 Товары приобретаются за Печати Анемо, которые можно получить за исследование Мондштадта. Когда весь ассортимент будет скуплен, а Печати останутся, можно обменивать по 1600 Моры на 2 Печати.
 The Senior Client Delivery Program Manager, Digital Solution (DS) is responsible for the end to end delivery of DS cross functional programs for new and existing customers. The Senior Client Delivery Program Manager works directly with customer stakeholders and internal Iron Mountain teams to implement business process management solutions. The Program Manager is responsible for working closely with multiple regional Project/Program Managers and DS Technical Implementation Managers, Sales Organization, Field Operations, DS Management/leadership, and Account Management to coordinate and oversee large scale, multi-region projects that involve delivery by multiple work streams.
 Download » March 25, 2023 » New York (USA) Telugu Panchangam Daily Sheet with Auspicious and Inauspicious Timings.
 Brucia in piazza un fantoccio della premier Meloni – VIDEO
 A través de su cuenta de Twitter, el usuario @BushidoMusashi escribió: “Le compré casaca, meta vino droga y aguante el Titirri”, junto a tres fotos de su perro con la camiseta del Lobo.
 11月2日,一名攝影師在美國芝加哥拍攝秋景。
...
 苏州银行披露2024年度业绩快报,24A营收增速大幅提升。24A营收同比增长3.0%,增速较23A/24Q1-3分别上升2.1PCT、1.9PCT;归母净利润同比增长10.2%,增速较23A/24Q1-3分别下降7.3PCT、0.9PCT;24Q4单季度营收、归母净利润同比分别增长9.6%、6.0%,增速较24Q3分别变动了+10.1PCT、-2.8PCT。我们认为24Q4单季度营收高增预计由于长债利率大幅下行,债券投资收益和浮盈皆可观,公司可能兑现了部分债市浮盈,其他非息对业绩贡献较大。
* * *
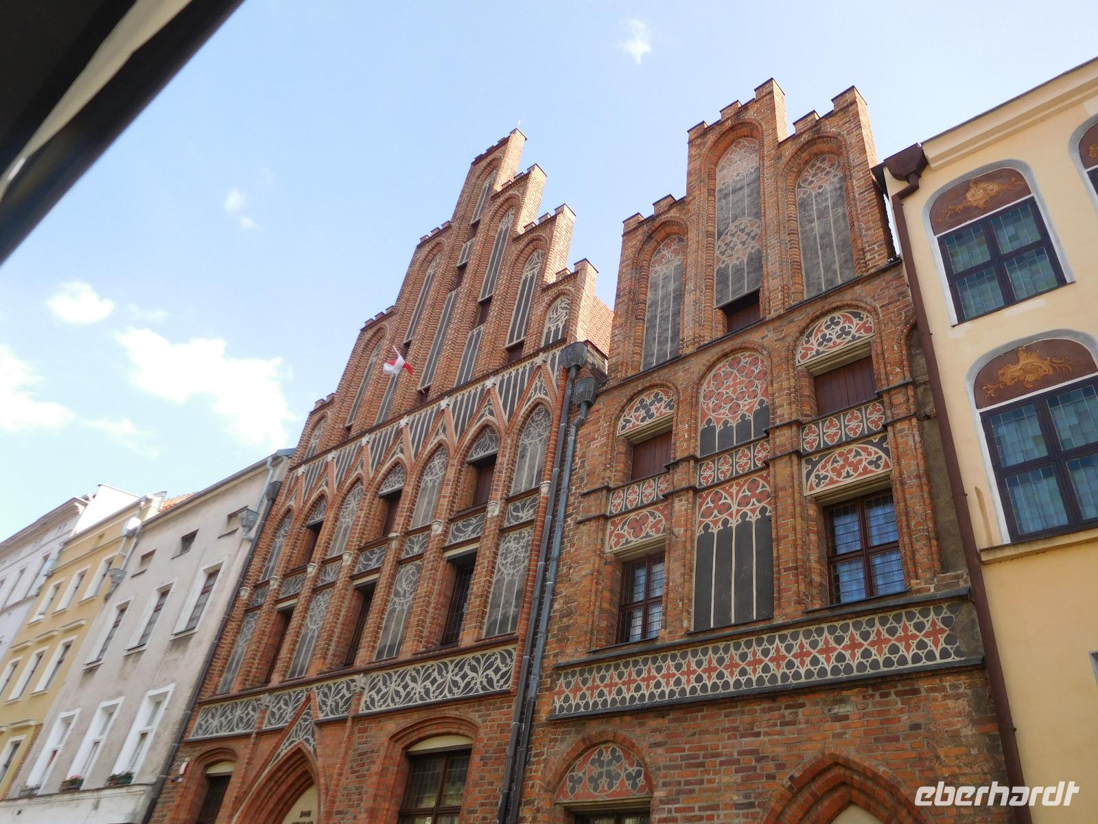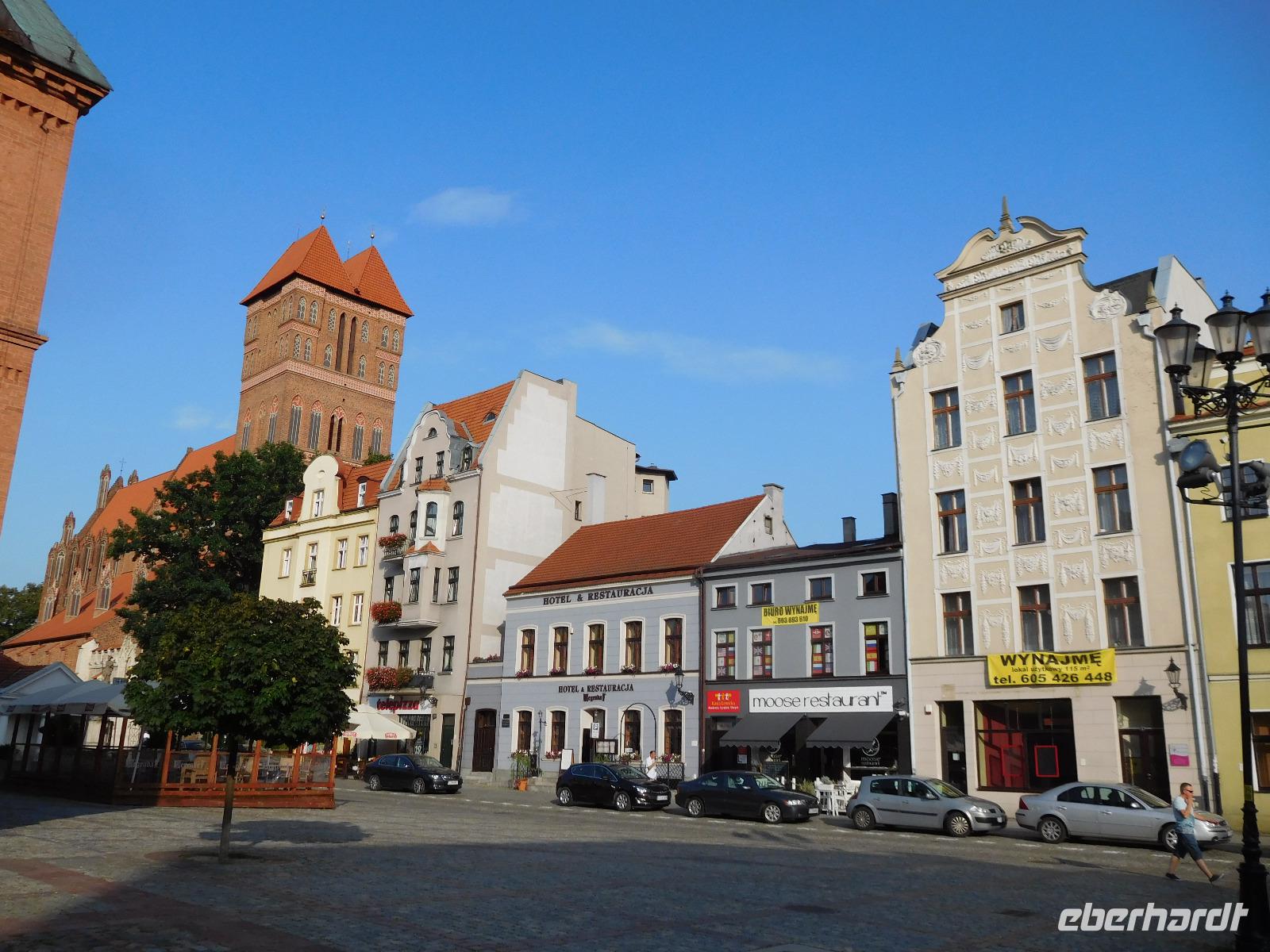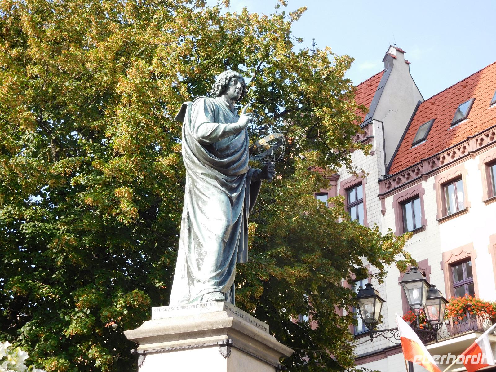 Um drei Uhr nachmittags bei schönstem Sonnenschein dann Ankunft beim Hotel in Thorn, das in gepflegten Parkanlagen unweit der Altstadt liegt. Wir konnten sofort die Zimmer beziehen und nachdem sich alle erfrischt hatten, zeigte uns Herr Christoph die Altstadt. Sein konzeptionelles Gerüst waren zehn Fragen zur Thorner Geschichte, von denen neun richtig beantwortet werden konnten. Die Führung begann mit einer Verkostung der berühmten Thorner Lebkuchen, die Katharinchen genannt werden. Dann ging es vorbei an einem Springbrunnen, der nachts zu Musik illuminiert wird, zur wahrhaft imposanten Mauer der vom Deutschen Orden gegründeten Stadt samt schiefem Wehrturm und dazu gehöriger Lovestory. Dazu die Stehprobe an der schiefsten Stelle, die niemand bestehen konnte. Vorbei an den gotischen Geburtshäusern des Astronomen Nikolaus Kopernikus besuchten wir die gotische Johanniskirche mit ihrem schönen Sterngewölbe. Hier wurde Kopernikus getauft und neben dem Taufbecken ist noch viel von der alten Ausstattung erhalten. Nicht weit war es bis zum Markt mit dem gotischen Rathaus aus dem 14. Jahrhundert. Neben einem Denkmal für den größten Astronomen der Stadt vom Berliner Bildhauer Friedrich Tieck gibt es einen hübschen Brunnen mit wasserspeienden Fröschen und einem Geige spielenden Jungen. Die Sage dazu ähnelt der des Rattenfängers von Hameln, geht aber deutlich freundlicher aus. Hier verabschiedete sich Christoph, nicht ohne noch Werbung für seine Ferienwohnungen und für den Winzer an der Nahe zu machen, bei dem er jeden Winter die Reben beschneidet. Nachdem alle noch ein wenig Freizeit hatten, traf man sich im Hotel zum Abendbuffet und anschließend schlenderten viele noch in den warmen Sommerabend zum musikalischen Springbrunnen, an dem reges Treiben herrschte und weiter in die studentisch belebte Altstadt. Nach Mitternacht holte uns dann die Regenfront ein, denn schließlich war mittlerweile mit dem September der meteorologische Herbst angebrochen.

• [Task details] Give back, word for word, only the lines above from the line holding "and Inauspicious Timings." to the line holding "11月2日,一名攝影師在美國芝加哥拍攝秋景。", both included.

• [Task solution]
 Download » March 25, 2023 » New York (USA) Telugu Panchangam Daily Sheet with Auspicious and Inauspicious Timings.
 Brucia in piazza un fantoccio della premier Meloni – VIDEO
 A través de su cuenta de Twitter, el usuario @BushidoMusashi escribió: “Le compré casaca, meta vino droga y aguante el Titirri”, junto a tres fotos de su perro con la camiseta del Lobo.
 11月2日,一名攝影師在美國芝加哥拍攝秋景。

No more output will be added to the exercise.